[Opening Input data section]

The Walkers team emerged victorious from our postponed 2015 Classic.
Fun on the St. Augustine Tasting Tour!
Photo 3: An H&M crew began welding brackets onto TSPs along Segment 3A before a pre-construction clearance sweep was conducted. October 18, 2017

[Closing Input data section]
[Opening Input data section]

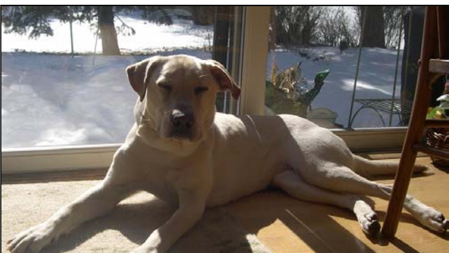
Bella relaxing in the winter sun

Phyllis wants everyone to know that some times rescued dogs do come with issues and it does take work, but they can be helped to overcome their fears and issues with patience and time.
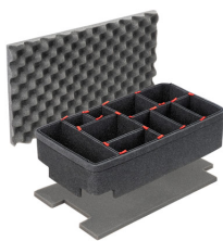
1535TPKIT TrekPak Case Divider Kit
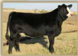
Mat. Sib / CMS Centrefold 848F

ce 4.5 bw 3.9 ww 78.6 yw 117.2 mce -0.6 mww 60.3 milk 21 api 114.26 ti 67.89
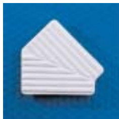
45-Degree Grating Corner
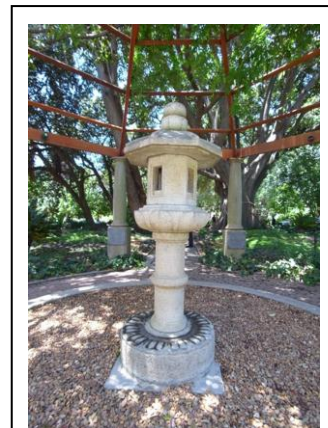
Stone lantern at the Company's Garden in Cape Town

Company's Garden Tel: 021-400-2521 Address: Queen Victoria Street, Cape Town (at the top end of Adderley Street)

[Closing Input data section]

### Work to complete
Please return only the lines above, starting at the line that has "The Walkers team" and ending at the line that has "Photo 3: An", keeping both and leaving each one unchanged.

### Your solution
The Walkers team emerged victorious from our postponed 2015 Classic.
Fun on the St. Augustine Tasting Tour!
Photo 3: An H&M crew began welding brackets onto TSPs along Segment 3A before a pre-construction clearance sweep was conducted. October 18, 2017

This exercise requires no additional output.